Another Memoir Turns Out to Be Fiction

by Staff
3.4.08

Less than a week after Belgian author Misha Defonseca admitted to fabricating her best-selling Holocaust memoir, Margaret B. Jones revealed yesterday that her memoir, Love and Consequences, published last week by Riverhead Books, is a fake. The publisher is recalling the book—approximately nineteen thousand copies were printed—and has canceled the author's publicity tour, which was scheduled to start next Monday.

Margaret B. Jones, a pseudonym for Margaret Seltzer, wrote in Love and Consequences about growing up as a half-white, half-Native American foster child among gangs and violence in South Central Los Angeles. It was touted as an "unvarnished, humanizing portrait of people living in urban poverty." But none of it is true. In fact, Seltzer is a white woman who grew up in the Sherman Oaks section of Los Angeles. She never spent time in foster homes or with gang members.

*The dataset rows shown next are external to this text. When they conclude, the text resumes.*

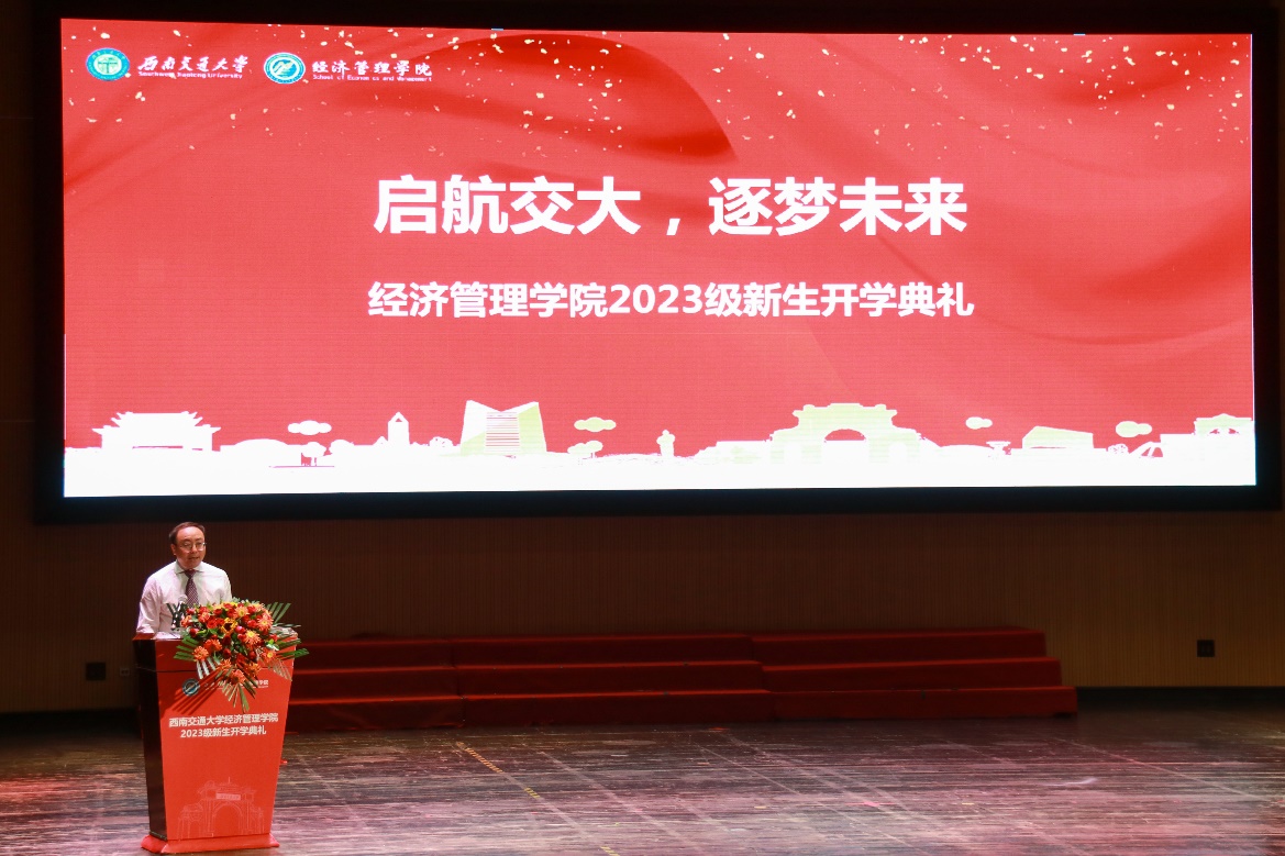 大会第二项,学院执行院长郭强致辞。郭强首先向2023级新生的到来表示热烈的欢迎和由衷的祝贺。他表示,大学不仅要重视知识学习,还要注重品格磨炼、身心健康,他希望大家保持认真勤勉的学习态度,塑造坚毅顽强的品格、怀揣向善向美的追求,不断提升个人的综合素质,成为一个德智体美劳全面发展的卓越人才,做一个富于追求、乐于拼搏、有家国情怀的交大人。
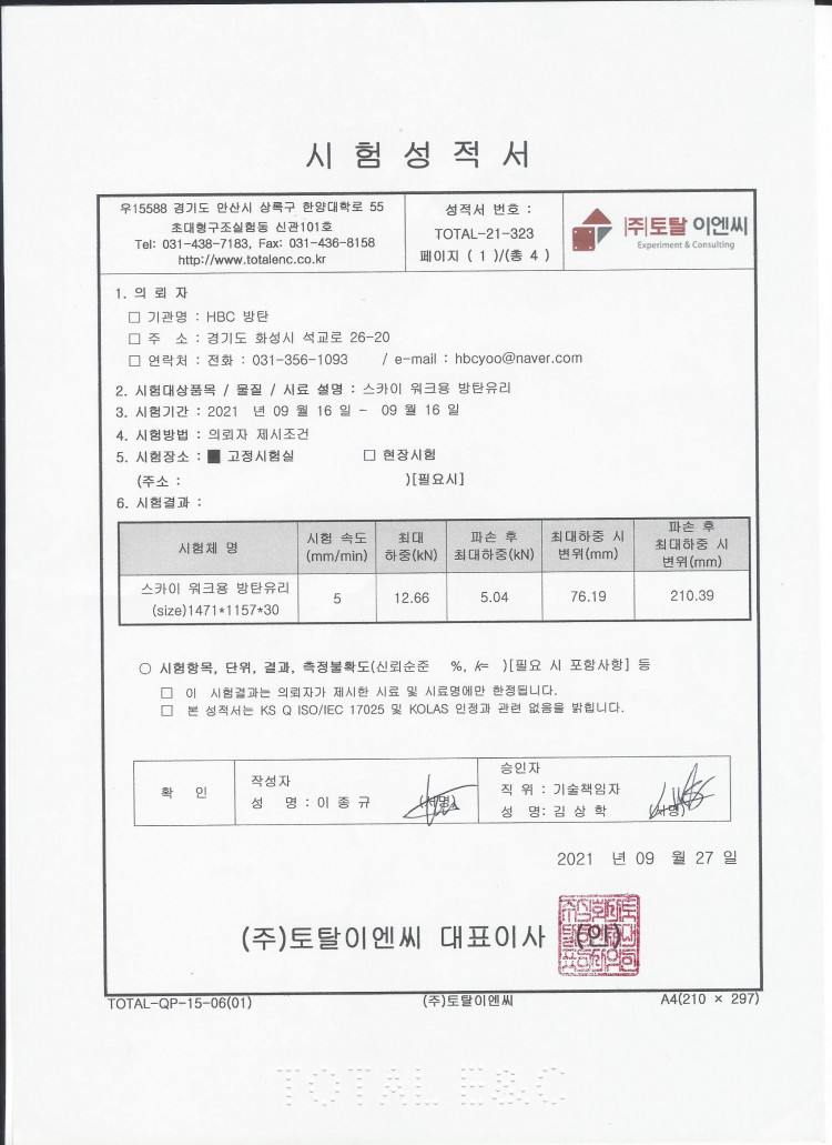 타사보다 월등한 방탄유리 테스트 동영상입니다.
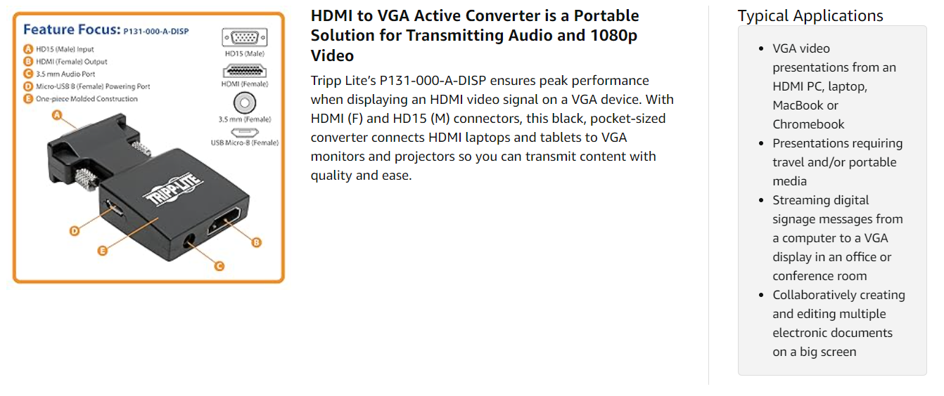 The P131-000-A-DISP active converter is ideal for “Bring-Your-Own-Device” video presentations on a VGA display. Its compact housing and plug-and-play setup make it portable and easy to connect. Keep it handy in your laptop bag when travelling to give presentations in conference rooms or to setup digital signage exhibits.
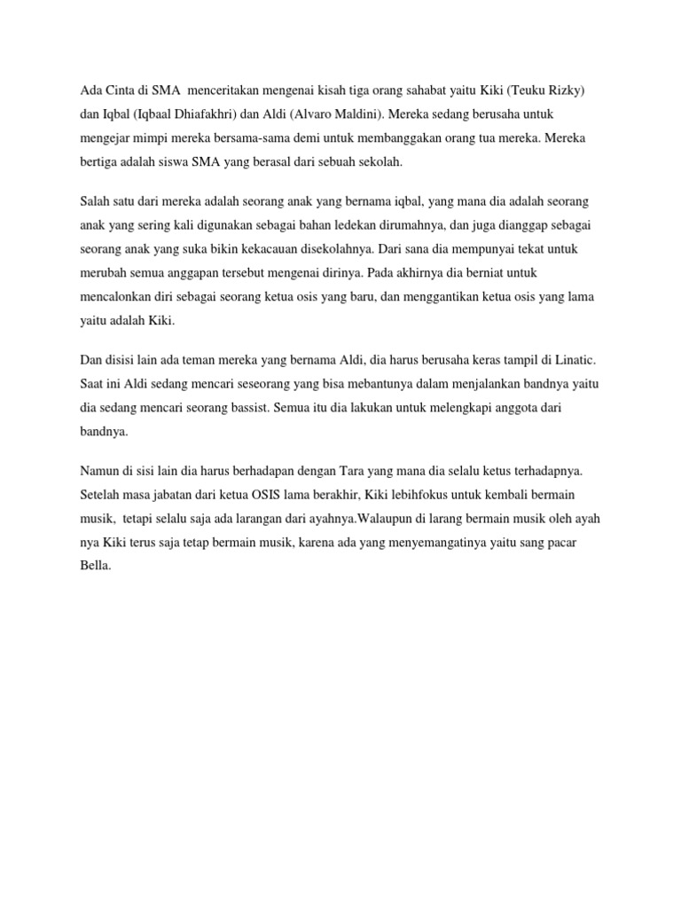 Di sini kamu akan belajar tentang persahabatan cinta dan tekad pantang menyerah. Nah di bab I ini kita paling dominan disuguhi karakterisasi pengenalan tokoh Fahri. Ada Cinta Di SMA merupakan film musikal romantis Indonesia 2016 yang diproduksi oleh Starvision Plus disutradarai oleh Patrick Effendy serta dibintangi oleh personel CJR Caitlin Halderman Gege Elisa Agatha Chelsea Cassandra Lee dan lainnya dengan latar belakang SMA dan masa remaja beranjak dewasa yang penuh cerita manis.
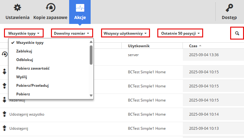 Użytkownik: Wybierz użytkownika z listy aby wyświetlić wyłącznie działania związane z tym użytkownikiem.
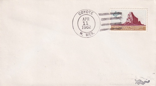 | Hand cancellation: "PETACA, N. MEX. MAR 29 1962". |
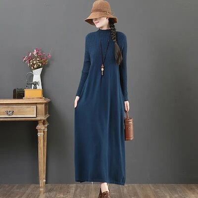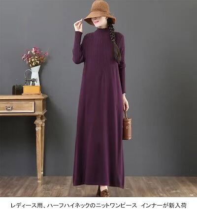 ニットワンピース レディース ニットセーター 無地 ハーフハイネック 長袖 ロング丈 リブ編み
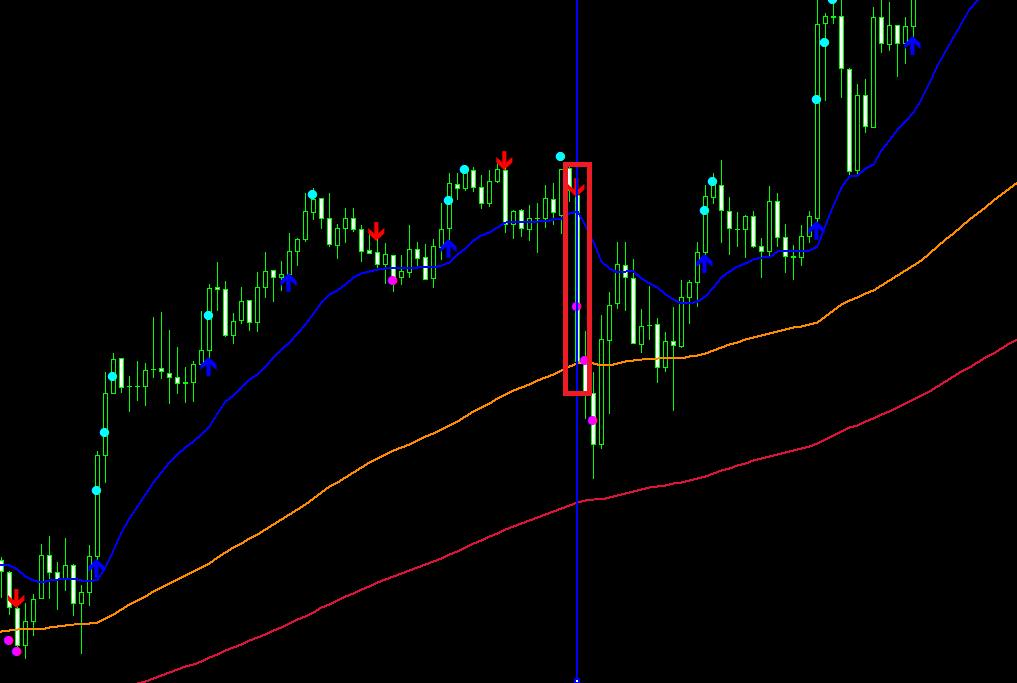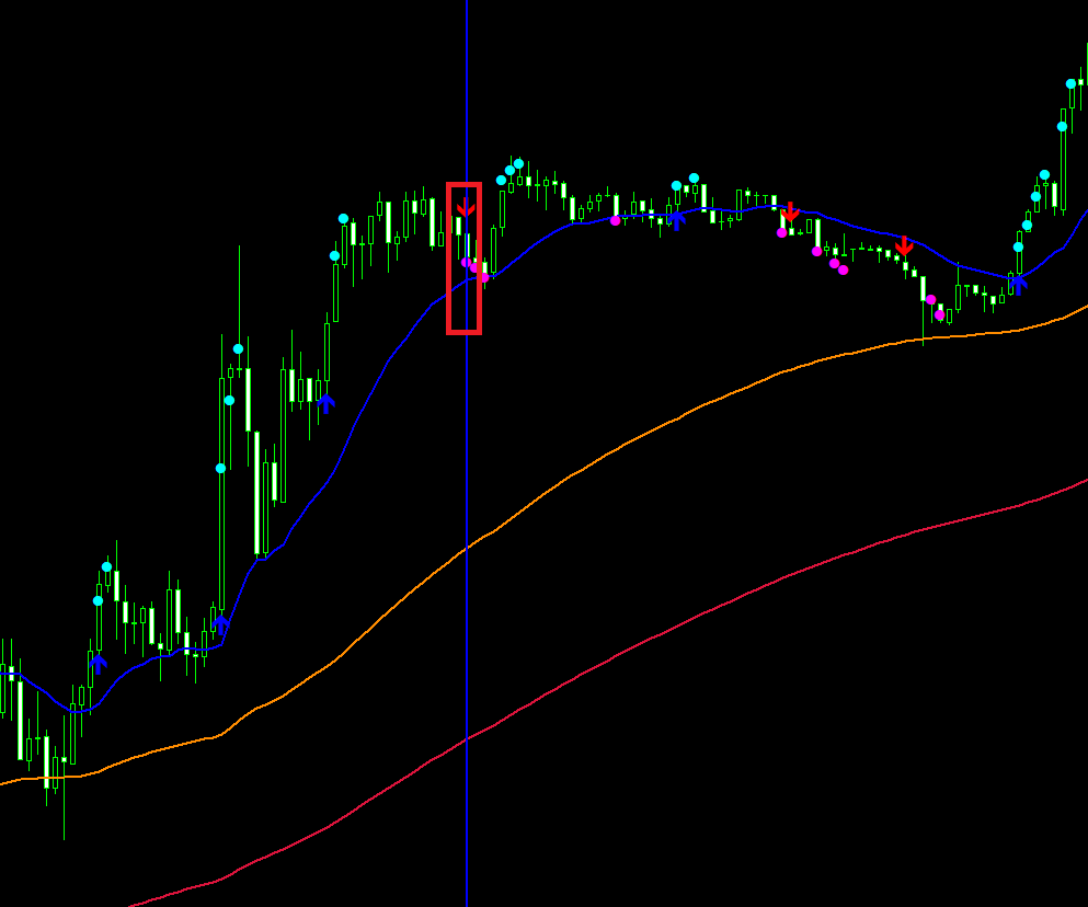 赤矢印+ピンク●が同時発生した足で終値がEMA20を下回っています。
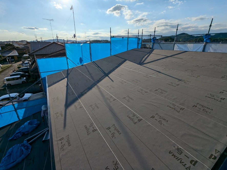 1階下屋のルーフィングまで完了しています。 順調ですね(^^♪
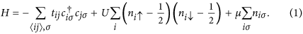 Here the operators ciσ create an electron with spin σ at lattice site i, U is the on-site interaction and tij is the nearest neighbor hopping. We measure energy in units of t*

Motoko Rich of the New York Times reported today that Seltzer confessed to making up the story in her memoir in a "tearful, often contrite telephone interview" on Monday. The veracity of Seltzer's memoir was called into question after the New York Times profiled the author last Thursday. Cyndi Hoffman, Seltzer's older sister, read the profile and called Riverhead to tell editors there that the story in Love and Consequences is untrue.

Riverhead editor Sarah McGrath, who acquired the book at Scribner and moved it to Riverhead, told the New York Times that Seltzer "seems to be very, very naïve. There was a way to do this book honestly and have it be just as compelling."

"I'm not saying like I did it right," Seltzer is quoted as saying. "I did not do it right. I thought I had an opportunity to make people understand the conditions that people live in and the reasons people make the choices from the choices they don't have."